Daniel Filan: Right. So moving on a little bit: one question I have is that you’re presenting these results as about RLHF, but they seem kind of deep, right? Because you’re pointing at this trade off where if the human doesn’t know what’s going on and you’ve got some kind of robot policy that is looking optimal to humans, then either the humans areg overestimating the value of the state of the world relative to the thing that would actually be optimal (and you can call that deception if you want), or we’re underestimating it less, because what’s optimal according to what looks good to us, involves paying some costs to look optimal or something. It seems like this could just be true of any alignment approach where humans don’t understand everything that’s going on and not just RLHF. I’m wondering, how deep do you think this trade off between deceptive inflation and overjustification is?

Scott Emmons: I totally agree that there’s something going on here that’s more than just about RLHF, and something that I’ve been wanting to do is think, is there a broader framework that we can use to keep the precision that we have about this trade-off while not limiting ourselves to RLHF? So my intuition is that any process where the robot is maximizing the human’s belief about what’s happening has this trade-off involved. If you’re maximizing how good the human believes the world to be, then if you can deceptively inflate their beliefs about the world, you have an incentive to do that, and if you can justify their beliefs, and in particular, overjustify their beliefs, you would have incentives to do this.
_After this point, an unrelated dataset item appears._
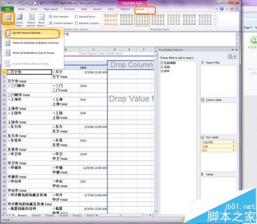 3、现在我们开始整理透视出来的结果,让其看起来更直观整洁。需要把分类汇总去掉。在数据透视表里单击任意单元格,在菜单列出现“设计”选项卡,单击设计------布局里面的"分类汇总'倒三角号-----不显示分类汇总。

So I think the crux of this trade-off is just that you’re maximizing the human’s belief about the world. And in the paper, we showed how RLHF can get into that zone, to connect it to all these algorithms and AI agents that are using RLHF in practice, and yeah, I’m interested in exploring: can we still show that trade-off in a precise way in other settings as well?

Daniel Filan: Yeah. And it seems like it doesn’t even have to be the robot “trying” to optimize this objective, right? If humans are picking a thing which optimizes the objective of “looks good to humans”, then it seems like you can get this just out of optimality, not just out of “the robot’s trying to do this thing”, but optimality according to flawed perception: it seems like that can also get these sorts of issues.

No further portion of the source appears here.